À l’ombre d’un tilleul

Les Vies des sœurs d’Unterlinden

Traduit du latin et présenté par Christine de Joux – postfaces de Georges Bischoff, Rémy Valléjo et Jeanne Ancelet-Hustache (en couverture détail d’un tableau d’Henry Lebert, Le Couvent des Unterlinden, 1838, Musée Unterlinden)

Traduit en allemand dès 1863, transcrit par Jeanne Ancelet-Hustache, première éditrice en France de l’œuvre de Maître Eckhart, le manuscrit des Vitae sororum est l’un des trésors de la Bibliothèque patrimoniale des dominicains à Colmar.

Écrit par une contemporaine de Maître Eckhart, dans un des monastères dont il avait la charge, le prestigieux monastère d’Unterlinden, à Colmar, ce texte est ici traduit en français pour la première fois.

« J’étais déjà avancée en âge, écrit Catherine de Gueberschwihr au début de son récit, lorsque j’ai écrit et rédigé ce texte de ma propre main, d’abord sur des tablettes de cire, alors que ma vue déclinait, et j’étais remplie de crainte et rouge de honte à l’idée que vous puissiez jamais connaître mon ignorance. »

Il est émouvant de lire ces lignes de cette femme, Catherine de Gueberschwihr (1260-1330) qui, au tout début du xive siècle, écrit la vie de quarante-cinq autres femmes.
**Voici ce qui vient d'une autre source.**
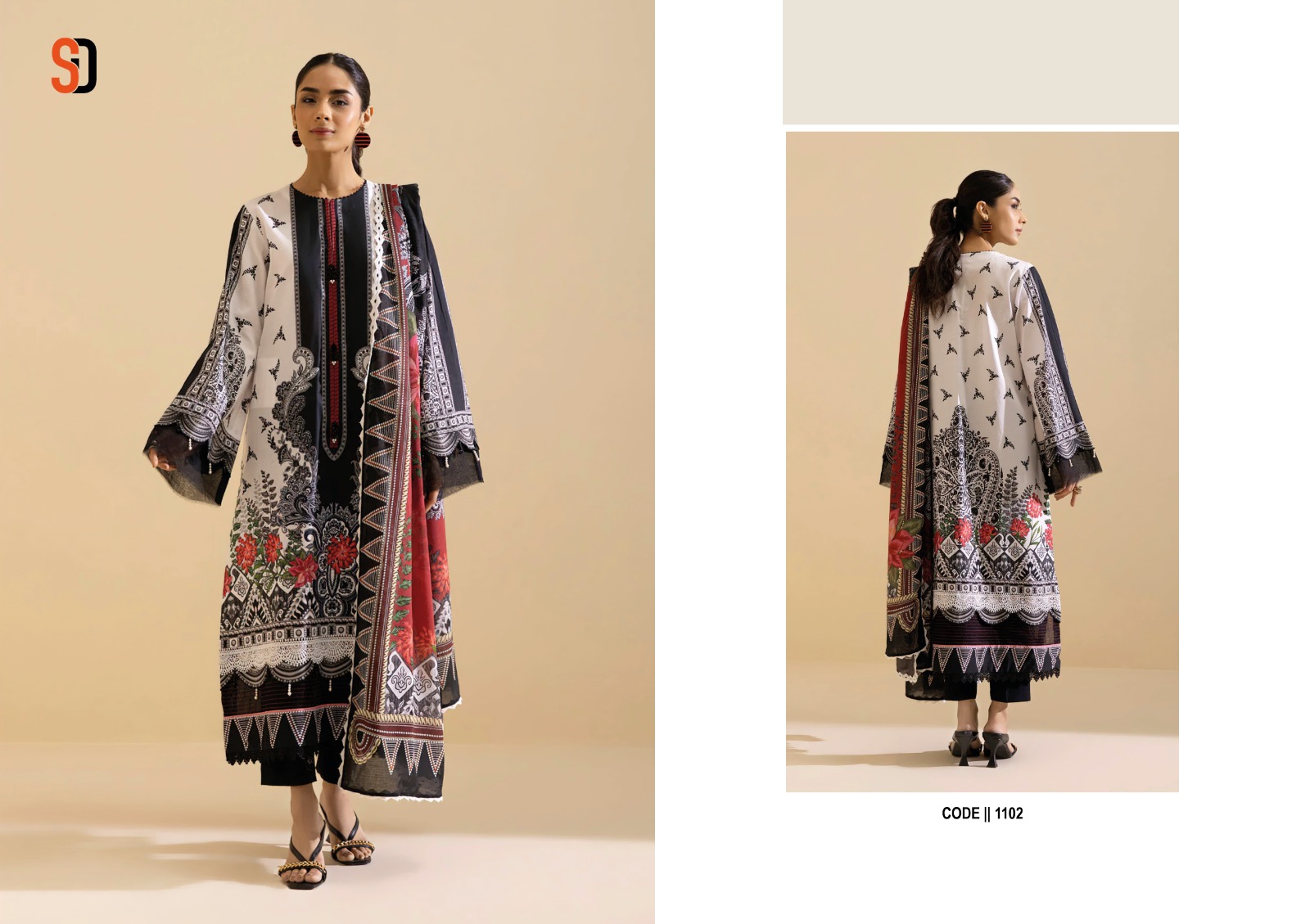 The Pakistani cotton dupattas complete each ensemble with grace and authenticity. The breathable texture and artistic details add an extra layer of charm, enhancing the overall appeal of the salwar suits and creating a captivating visual impact.
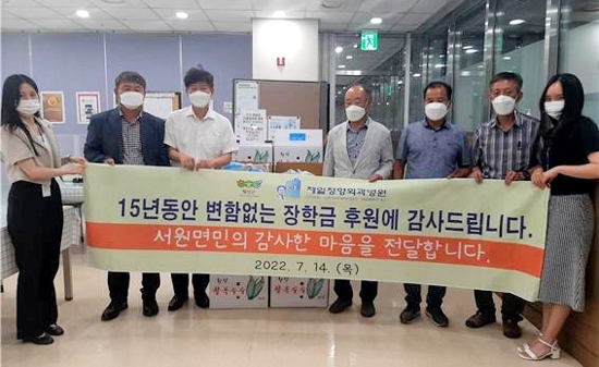 김종길 문화체육회장은 “15년째 서원면 지역학생들을 위해 장학금을 후원해 주는 끈끈한 인연에 감사하다”고 고마움을 전했다. |

Car elles sont rares les écrivaines, en cet automne du Moyen Âge, et rares aussi les témoignages sur la vie des femmes d’alors.

Catherine de Gueberschwihr est une authentique écrivaine : elle a l’art du récit et de la notation concrète. Elle dispose d’une documentation sur ces sœurs – dont beaucoup ont été mariées – qui donne à son texte un grand intérêt historique et sociologique.

L’intérêt de ce texte est encore renforcé par le fait que le monastère d’Unterlinden, dont elle raconte les origines, est aujourd’hui encore un lieu culturel de premier plan : il est le siège du musée d’Unterlinden qui conserve le fameux Retable d’Issenheim de Mathias Grünewald.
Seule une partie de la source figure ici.